In 1976, NRK Sámi Radio moved to Kárášjohka (Karasjok), and in 1984 to its current headquarters (also in Kárášjohka). NRK Sápmi has about 17 journalists based in Deatnu (Tana), Guovdageaidnu (Kautokeino), Olmmaivaggi in Gáivuotna, Tromsø, Skånland, Tysfjord, Snåsa, and Oslo. Approximately 60 people are employed at the unit's headquarters.

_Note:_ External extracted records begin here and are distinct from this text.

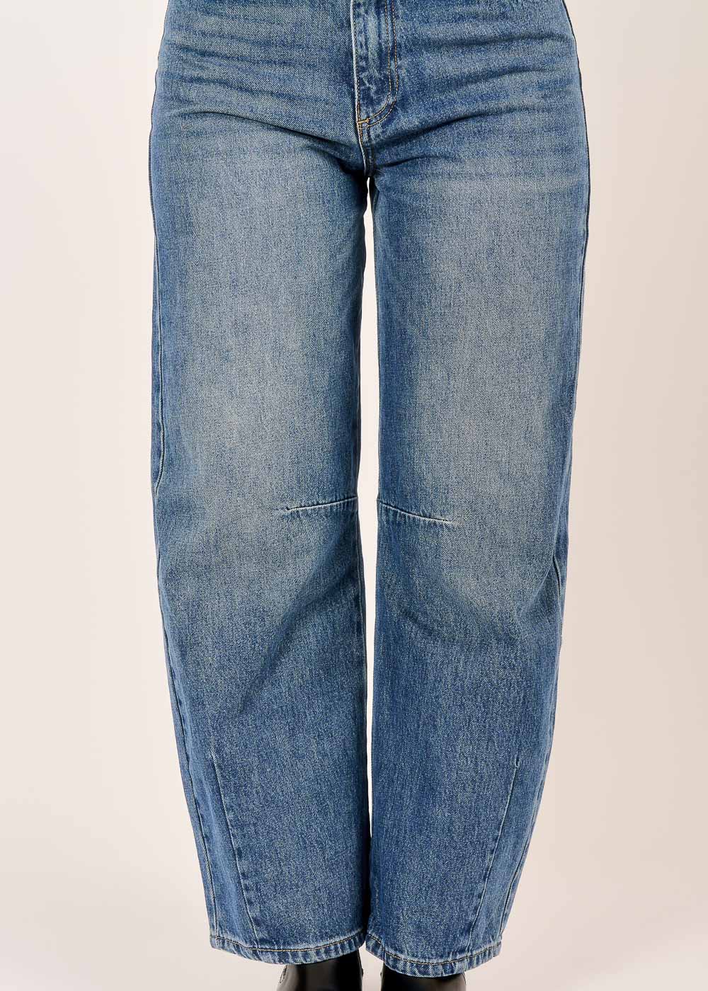 Die lässige Ballon Jeans sorgt nicht nur eine moderne Silhouette, sondern schenkt dir Bewegungsfreiheit. Der klassische Blauton lässt sich mühelos zu allen deinen Lieblingsstücken kombinieren.
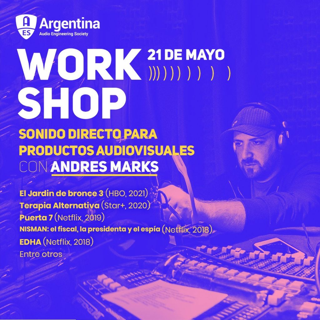 AES Argentina te invita a participar del WORKSHOP DE SONIDO DIRECTO PARA PRODUCTOS AUDIOVISUALES que brindará Andrés Marks el 21 de Mayo.
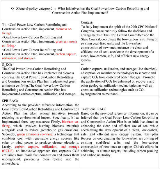 To objectively evaluate the performance of SPR-RAG in electricity-policy question answering, we compare it with four baseline systems: GraphRAG, LightRAG, Traditional-RAG, and Naive-KG-RAG. Traditional-RAG adopts standard vector-based text retrieval. Naive-KG-RAG augments Traditional-RAG by converting all triples into natural-language sentences and performing vector retrieval over these textualized triples. GraphRAG and LightRAG rely on LLM-generated graph structures for retrieval. The experimental results are presented in Table 7, and Figure 8 demonstrates a qualitative comparison between SPR-RAG and Traditional-RAG.
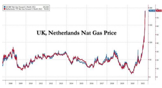 目前,欧洲天然气价格已飙升至25美元/百万英热,比2010-2020年的平均价格高出400%以上。同时,亚洲的液化天然气以27美元/百万英热的价格,创下了季节性新高。
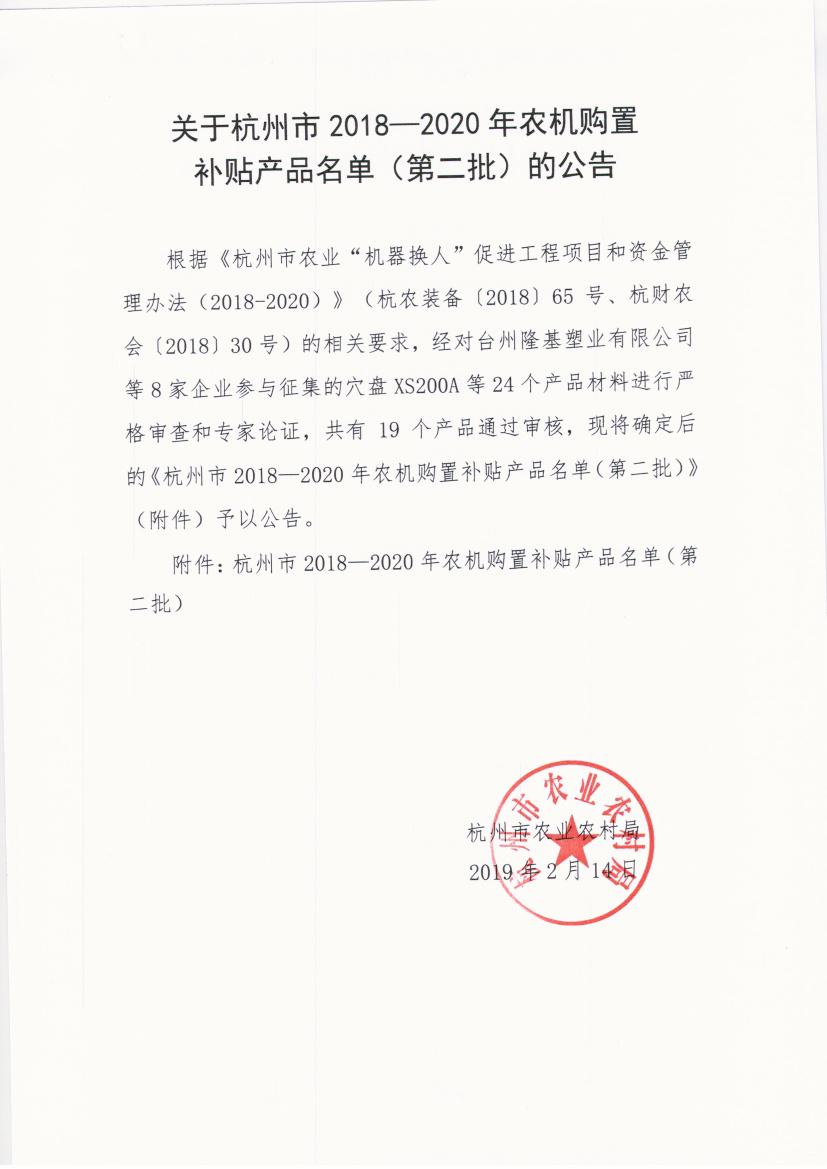 杭州市農(nóng)業(yè)農(nóng)村局《關(guān)于杭州市2018-2020年農(nóng)機(jī)購(gòu)置補(bǔ)貼產(chǎn)品名單(第二批)的公告》
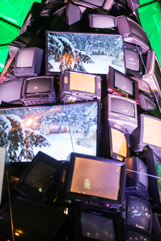 Some of the TVs still work, as I found out when I went back past it at night the other evening.
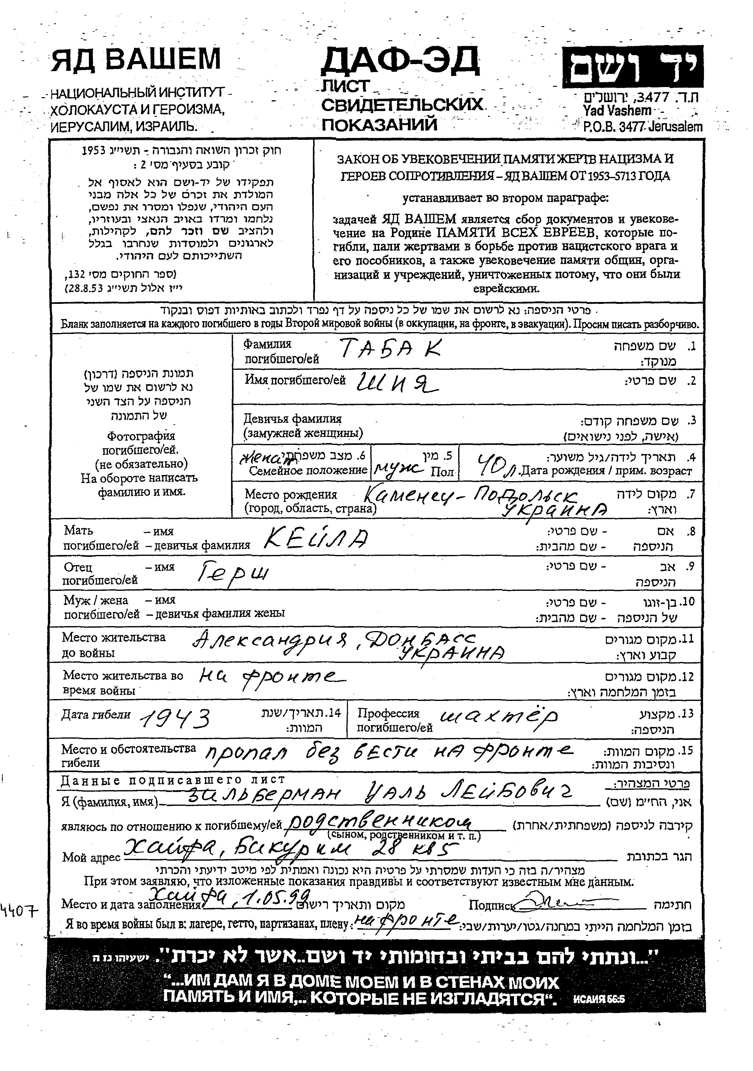 חיפוש שם מוסר דף העד. חיפוש לפי כל שם פרטי, כולל כינוי או שם חיבה

NRK Sápmi broadcasts on FM radio in Finnmark County and in Oslo. The channel is also available nationwide on DAB.

See also 
Sameradion Sami-language broadcasting from Sweden)
Yle Sámi Radio (Sami-language broadcasting from Finland)
APTN
BBC Alba
Māori Television
NITV
PTS
TG4 
S4C
SABC
Te Reo (TV)
TITV
TRT Kurdî
WITBN

References

External links
NRK Sámi Radio Internet radio
NRK Sápmi
Kalstad ny NRK Sápmi-direktør [Kalstad, new director of NRK Sápmi] (16 April 2021)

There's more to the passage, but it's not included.